DATASET EXCERPT -
*** Begin section ***

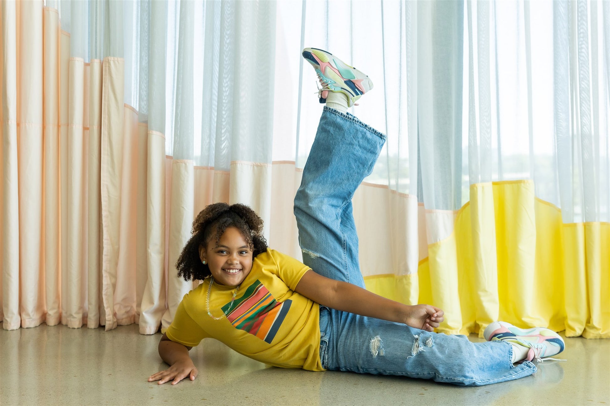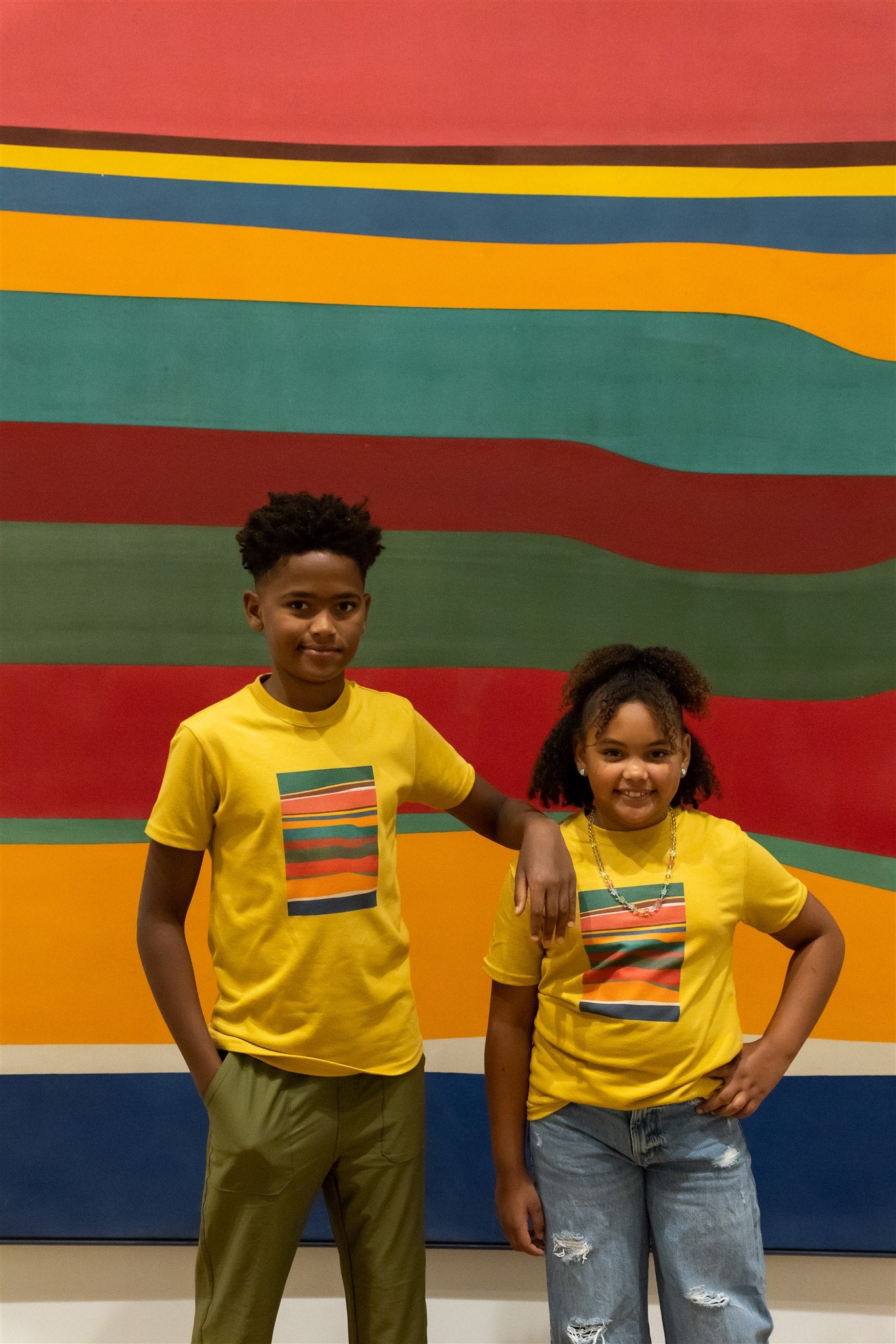 Remai Modern Collection: This distinct unisex Youth t-shirt features La Plonge #7 by William Peredhudoff on a Mustard coloured fabric.
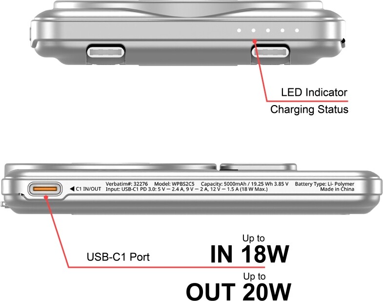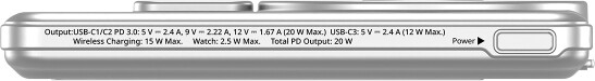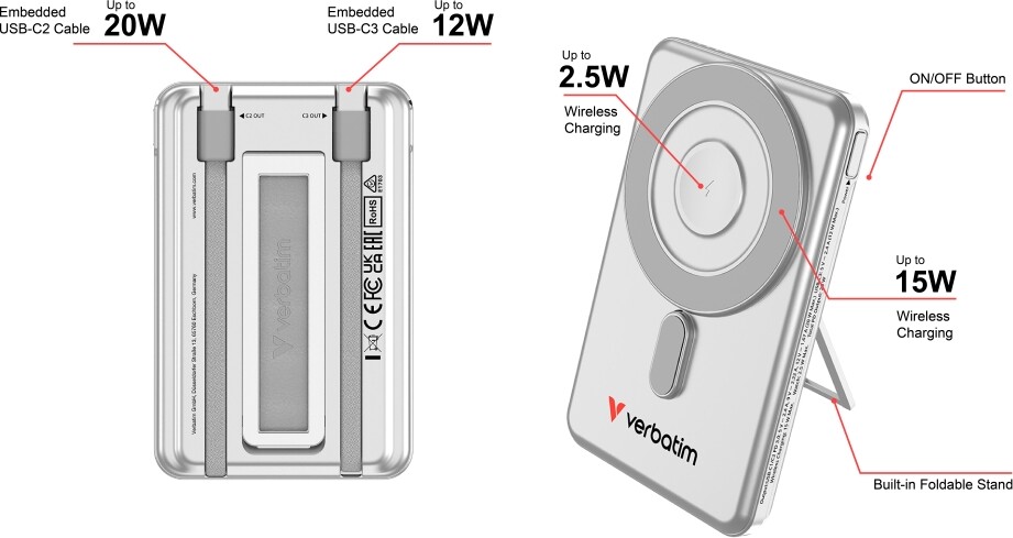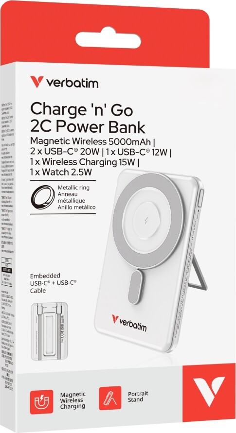 Независимо дали ви предстоят дълги пътувания, уикенд извън града или просто натоварен ден навън, външната батерия Charge 'n' Go 2C с магнитно безжично зареждане гарантира, че устройствата ви ще са винаги готови, когато имате нужда от тях. С капацитет от 5000 mAh тя осигурява надеждно резервно захранване за смартфони, таблети, слушалки и други малки устройства. Тънка и преносима, батерията се побира удобно в джоб или чанта, а вградените двойни USB-C кабели ви гарантират, че винаги ще разполагате с правилната връзка под ръка. Компактна, но устойчива, тази външна батерия е създадена за ежедневна употреба и ви осигурява енергия навсякъде, където ви отведат плановете. Забравете за хаоса от кабели и се насладете на гладко, безкабелно зареждане. Външната батерия Charge 'n' Go разполага с магнитно подравняване, съвместимо с MagSafe за iPhone, като осигурява мощност до 15W за смартфони, 5W за AirPods и 2,5W за Apple Watch. Потребителите на Android могат да се възползват от Qi безжичното зареждане за същото безпроблемно изживяване. Благодарение на вградената стойка можете да гледате, превъртате или стриймвате съдържание, докато телефонът ви се зарежда безжично, за да останете свързани, без да прекъсвате ритъма си. Проектирана с мисъл за максимална функционалност, тази външна батерия има всичко необходимо, вградено в едно устройство. Двата интегрирани USB-C кабела осигуряват бързо и лесно зареждане, като USB-C2 поддържа мощност до 20W и може да зарежда както устройства, така и самата батерия, докато USB-C3 предлага изход до 12W за по-малки устройства. В комбинация с 20W USB-C порт можете да захранвате няколко устройства едновременно, без нужда от допълнителни аксесоари. Компактна, практична и изключително ефективна - Charge 'n' Go прави зареждането ви лесно, подредено и оптимизирано.
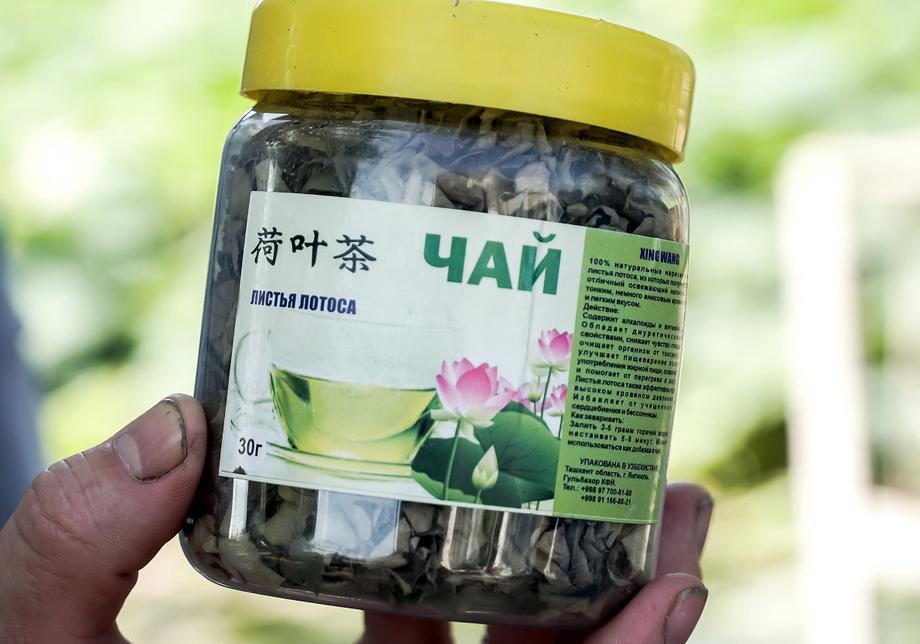 Хэ Шули показала корреспондентам «Ферганы» образец оздоровительного чая, на который уже получен сертификат. Для запуска в производство осталось только перевести этикетку на узбекский язык.
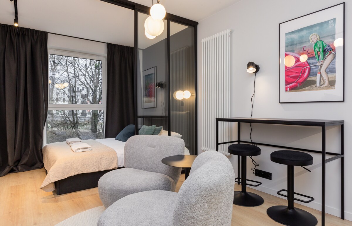 Un appartement moderne et haut de gamme, idéal pour les couples (jusqu'à 2 personnes). Proche du centre, très bien desservi par les transports en commun – il y a des arrêts de bus et de tramway à proximité immédiate. L'appartement est situé dans un immeuble des années 1970, situé dans un quartier résidentiel calme, à environ 1,5 km à pied de la vieille ville. Les locaux sont situés au deuxième étage d'un immeuble équipé d'un ascenseur. Il y a beaucoup de places de stationnement gratuites disponibles dans le quartier.

*** End section ***

WHAT YOU WILL DO -
Using the listing above, copy exactly the lines from the one that contains "Хэ Шули показала" through its last line, both included, but not the pictures.

EXERCISE SOLUTION -
 Хэ Шули показала корреспондентам «Ферганы» образец оздоровительного чая, на который уже получен сертификат. Для запуска в производство осталось только перевести этикетку на узбекский язык.
 Un appartement moderne et haut de gamme, idéal pour les couples (jusqu'à 2 personnes). Proche du centre, très bien desservi par les transports en commun – il y a des arrêts de bus et de tramway à proximité immédiate. L'appartement est situé dans un immeuble des années 1970, situé dans un quartier résidentiel calme, à environ 1,5 km à pied de la vieille ville. Les locaux sont situés au deuxième étage d'un immeuble équipé d'un ascenseur. Il y a beaucoup de places de stationnement gratuites disponibles dans le quartier.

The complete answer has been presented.